Telkom's timeline for finalizing the sale of its tower assets appears to have been extended beyond its initial deadline. In mid-June, Serame Taukobong, the company’s CEO, informed TechCentral that the complete sale of Swiftnet, which manages Telkom's masts and towers, would occur within a few weeks.

Despite indicating an imminent sale, Telkom refrained from disclosing the potential buyer's identity. However, likely candidates for the purchase included specialized tower operators such as IHS Holding, Helios Towers and American Tower Corporation.

Swiftnet, a wholly owned Telkom subsidiary responsible for the management and commercialization of the masts and towers portfolio, reported modest revenue growth of 0.9% to R1.3 billion for the fiscal year ending March 31. This growth was partly attributed to the construction of new towers and related facilities.

When asked about any updates regarding the anticipated sale date for the towers, Telkom responded that it is actively engaged in discussions with two bidders. The company anticipates providing market updates during its interim results announcement in November. The identities of these bidders were not disclosed.

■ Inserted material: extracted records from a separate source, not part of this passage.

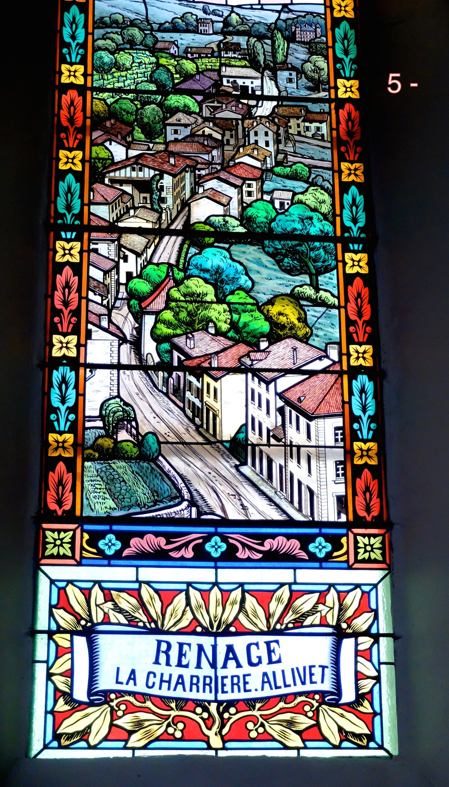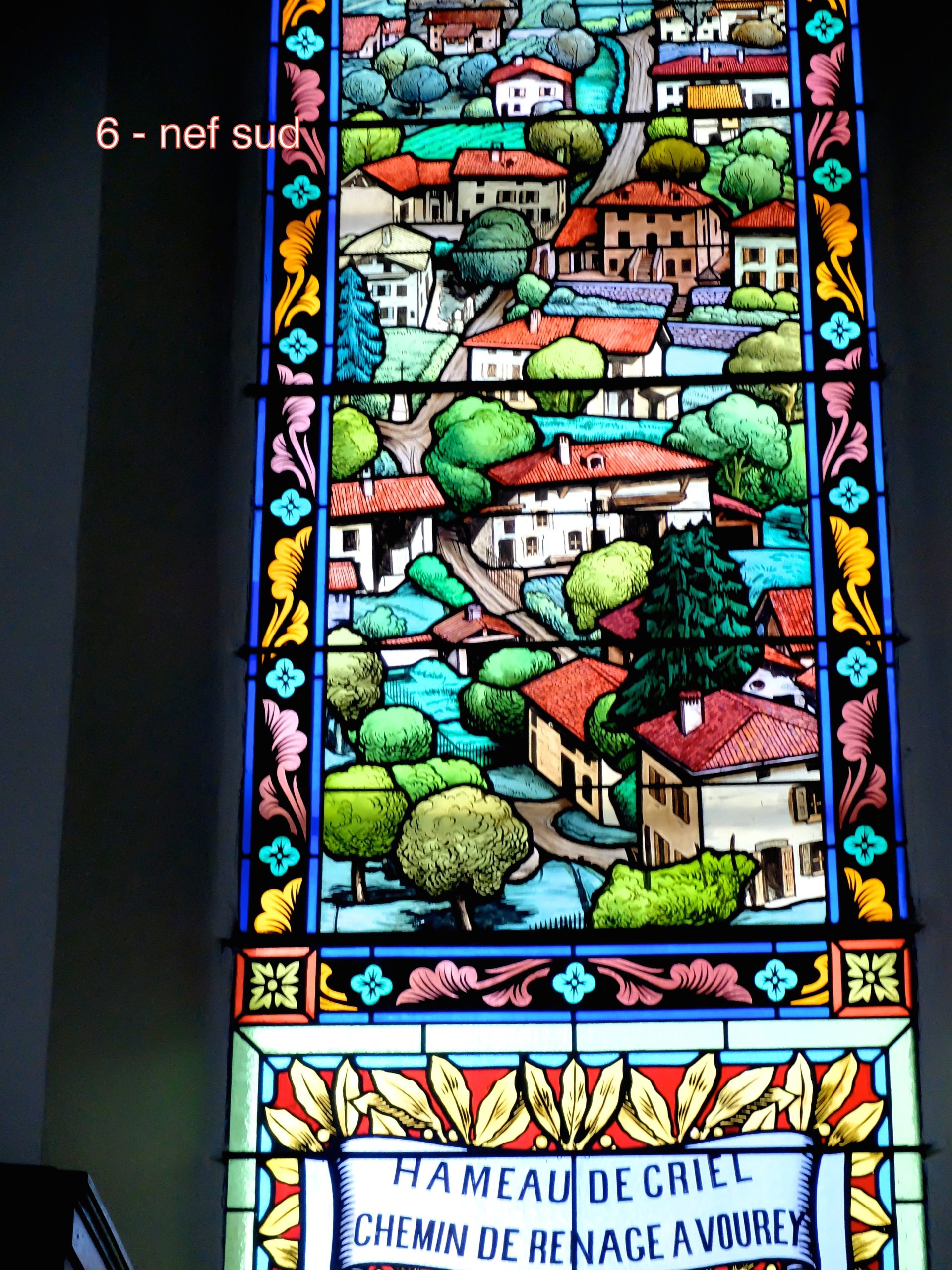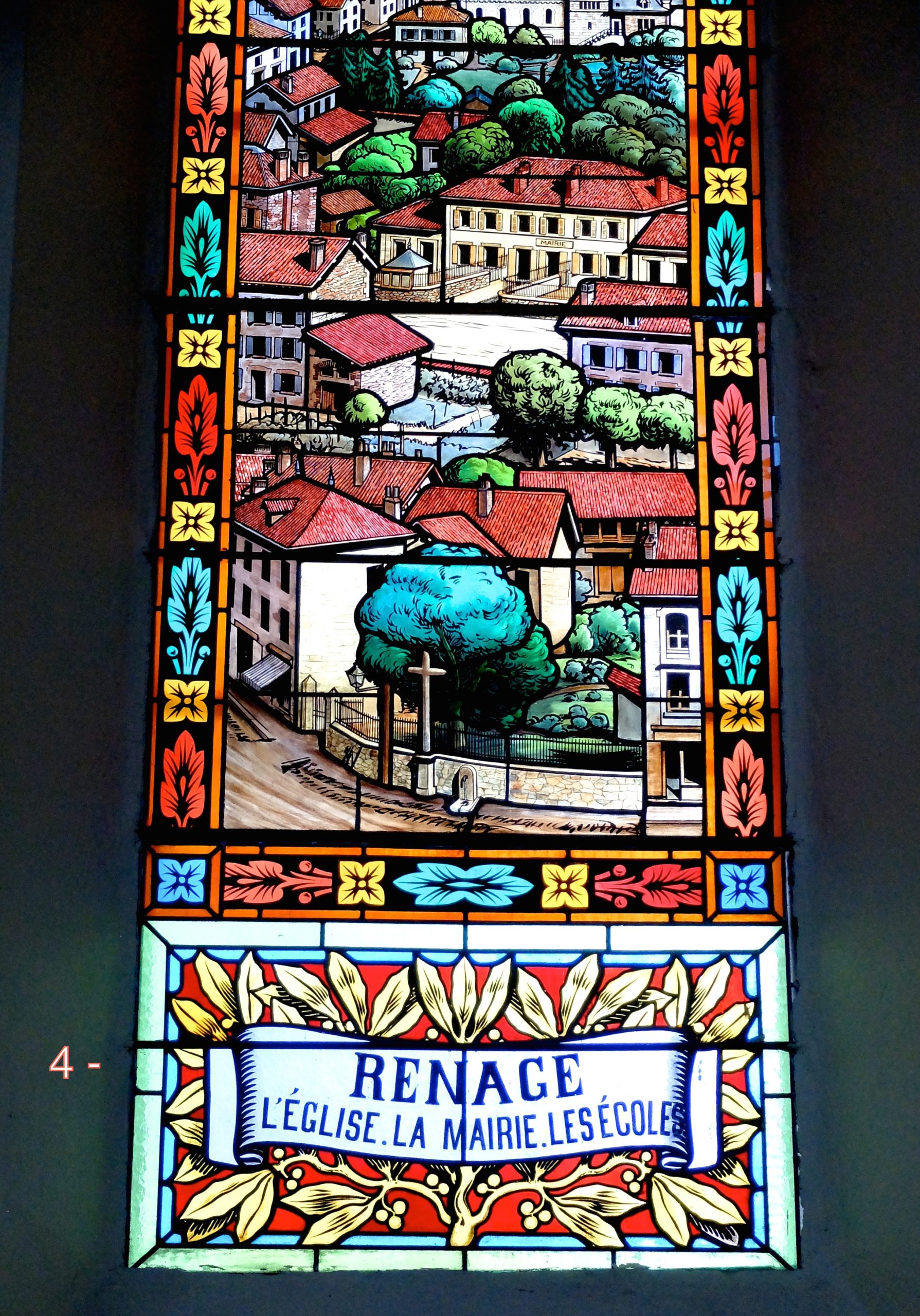 Renage, un village du Dauphiné. On passe devant l’église, elle est ouverte, on entre. Une église néo-médiévale comme il y en a tant d’autres en Dauphiné. Mais ce qui surprend c’est le programme des vitraux. D’abord dans la nef de droite : rien de religieux, chaque vitrail est consacré à un hameau ou un quartier de la commune : maisons, église, place, usines… Les vitraux de l’abside sont consacrés à des saints de sexe masculin. Ceux de la façade ouest, sous la rosace, sont des saintes dont le seul point commun est d’être des femmes (deux reines : saintes Fernande (je n’ai rien trouvé sur elle !) et Mathilde (née vers 896 et morte en 968, elle fut l’épouse d’Henri l’Oiseleur, roi de Germanie et la mère d’Otton Ier, fondateur du Saint-Empire romain germanique), aussi ste Claire, ste Hélène, ste Lucie, ste Elisabeth). Au bout du collatéral gauche, s. Bruno, ce qui n’est pas étonnant si près de la Chartreuse. Mais au bout de l’autre collatéral c’est un saint Pierre avec une épée plantée dans le dos : il s’agit de saint Pierre de Vérone, un dominicain, né à Vérone en 1205, inquisiteur assassiné par ceux qui avaient à craindre de lui en 1252 d’un coup de serpe ou d’épée. Représentation exceptionnelle chez nous : quel intérêt poussait les habitants de Renage ou tout simplement leur curé, à mettre en valeur ce saint qui n’est plus célébré aujourd’hui que dans son ordre ? Quel intérêt local pour ces deux reines que l’on ne célèbre guère ? Dans la nef de gauche, une diversité de saints : des femmes (ste Thérèse d’Avila), un apôtre et le cardinal s. Charles Borromée, peut être parce qu’il fut un artisan de la Contre-réforme et on est dans un pays bien gagné par le protestantisme ?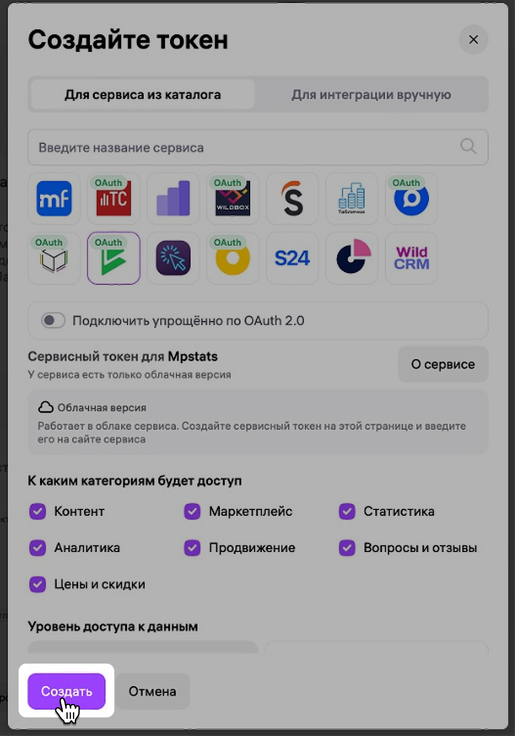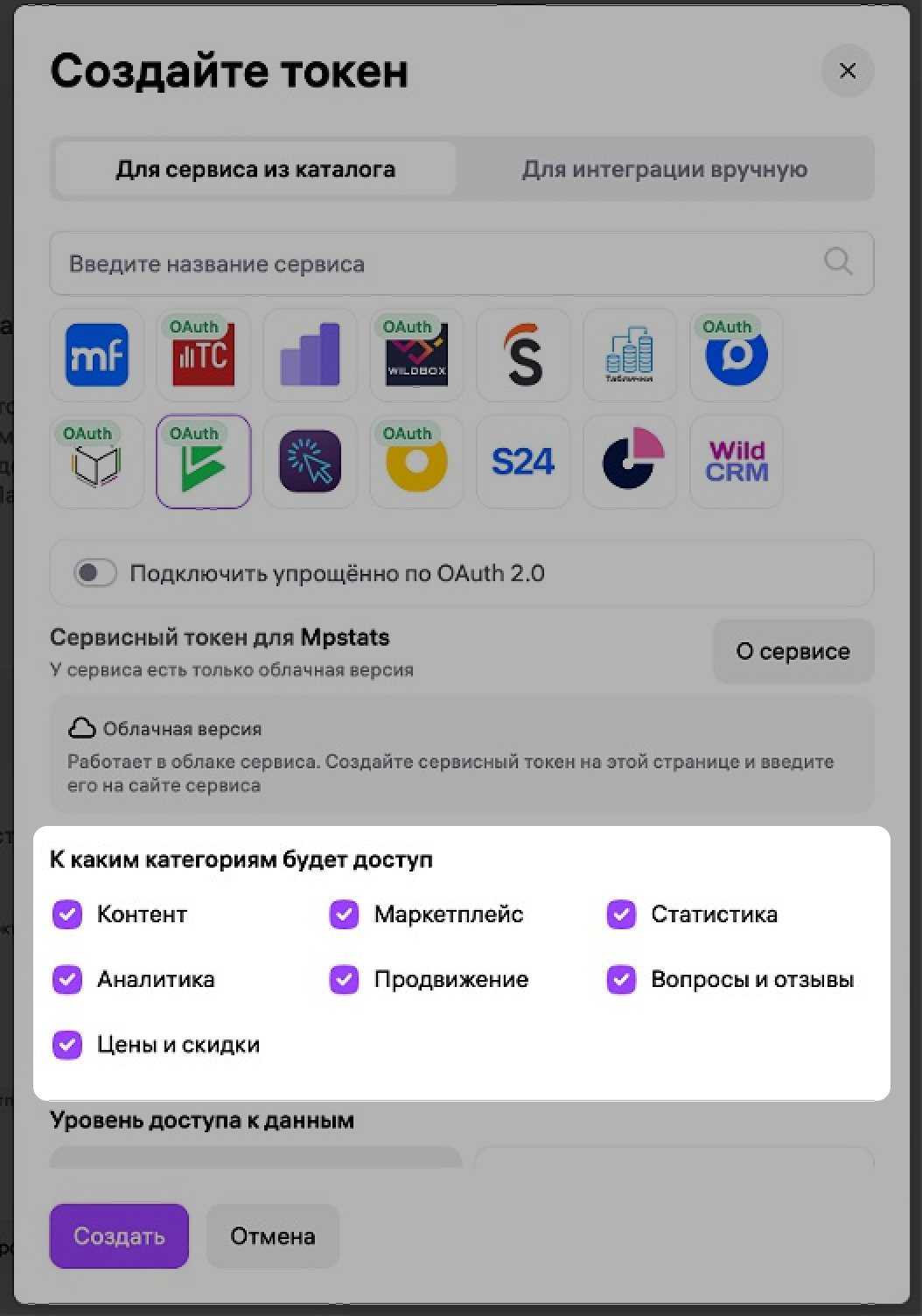 Отметьте галочками категории, к которым нужен доступ: Контент, Маркетплейс, Статистика, Аналитика, Продвижение, Вопросы и отзывы, Цены и скидки.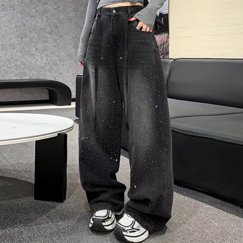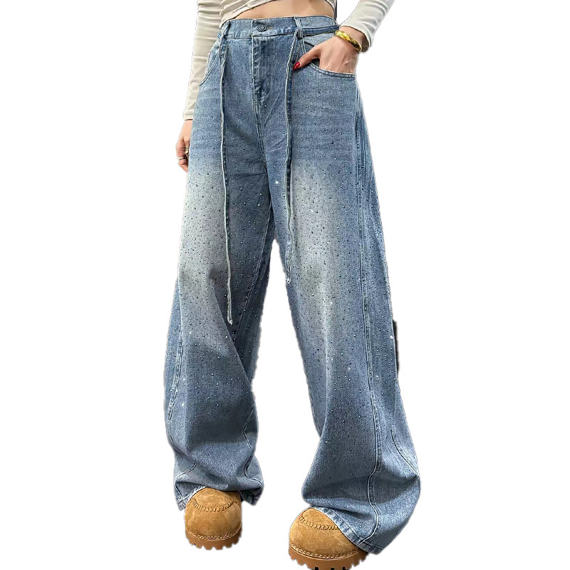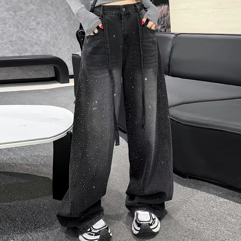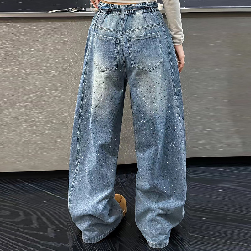 韩版前后烫钻牛仔裤子休闲女裤胖mm2026早春新款宽松显瘦大码女装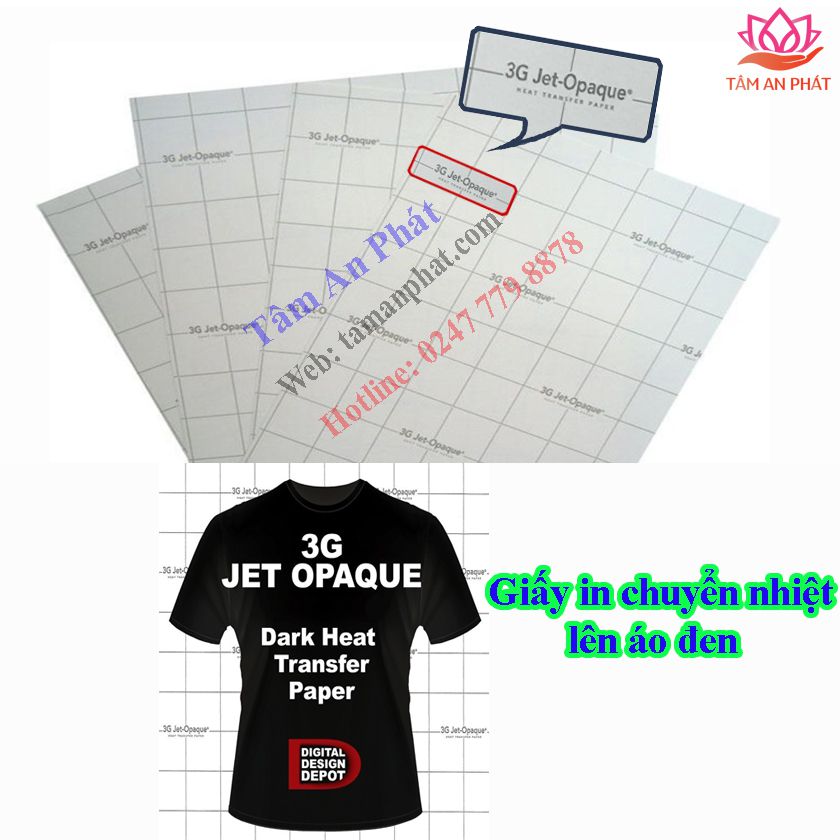 Giấy in chuyển nhiệt lên áo thun tối màu: giấy in áo tối màu Hàn Quốc Inkjet Heat Transfer Paper, giấy in áo tối màu Transmax, giấy in áo tối màu 3G Jet.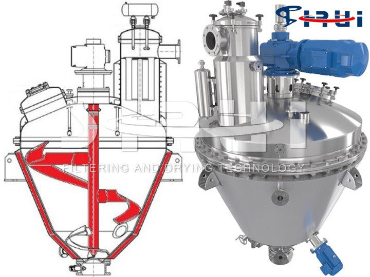 ??內(nèi)加熱螺帶單錐真空干燥機(jī)是一種集減壓蒸餾、粉碎、混粉、干燥為一體的高效多功能全密閉立式真空干燥設(shè)備。它的干燥效率是同等規(guī)格雙錐回轉(zhuǎn)真空干燥機(jī)、真空箱式烘3~5倍。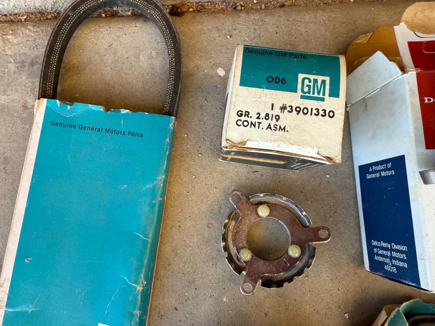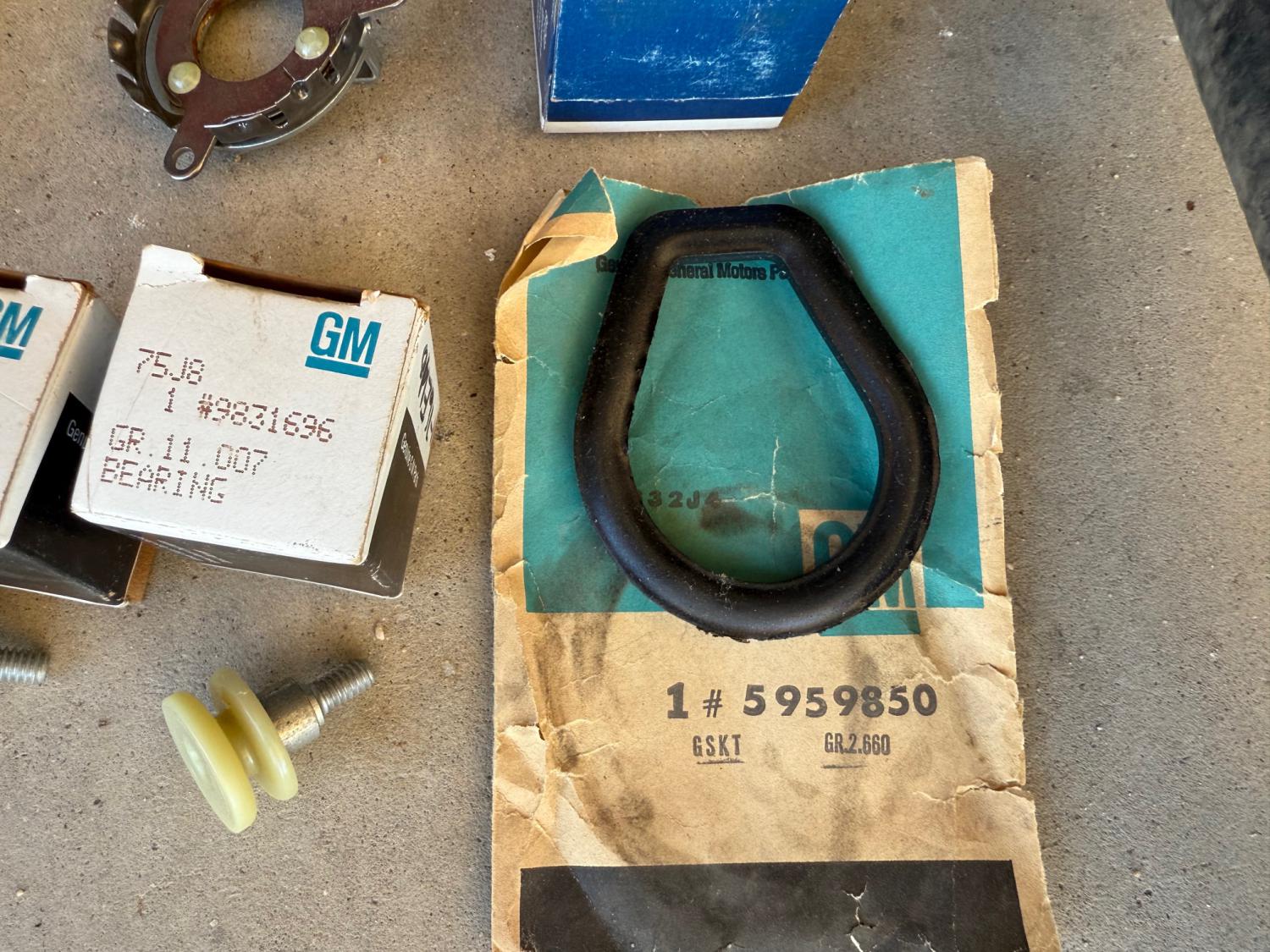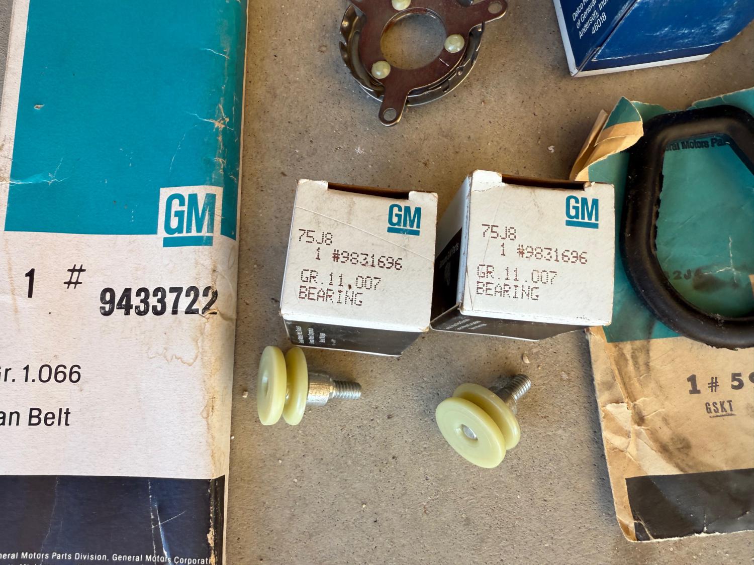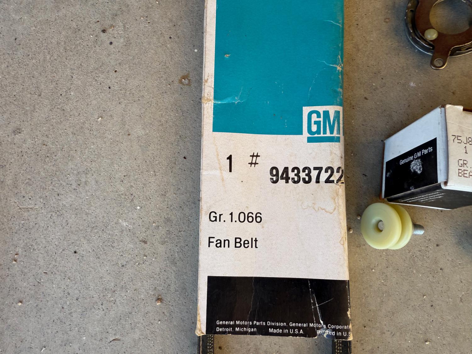 Selling everything shown as one listing. There is a belt 9433722, horn contact 3701330, dimmer 1997037, seal 5959850, radiator hose 3946012RM, and a couple window parts 9831696. The price for it all is 90 ppff shipped lower 48 USA. Larry

In the previous year, IHS Holding concluded a substantial deal with MTN South Africa, acquiring 5,701 towers for R6.4 billion. This positioned IHS as the largest tower operator in the country. However, the situation has become less favorable since then.

Equally significant is the decline in IHS's valuation over the past two years. While its shares were valued at $16.69 each upon its listing on the New York Stock Exchange in October 2021, they have since dropped to approximately $7.

In line with a global trend, South African telecommunications companies have been divesting their tower businesses or selling them to specialized tower firms. This strategic move enables them to raise capital for endeavors like fast-growing fintech services. Shedding unnecessary infrastructure reduces costs and allows these companies to concentrate on delivering top-tier services across their networks. The proceeds from these sales also offer a favorable outcome that can be directed towards shareholders or channeled into product development.

In the South African context, Cell C was the pioneer in selling its towers to American Tower Corporation. Additionally, Vodacom established a new subsidiary to manage its local tower portfolio, although it has not made any definitive decisions regarding involving a strategic investor.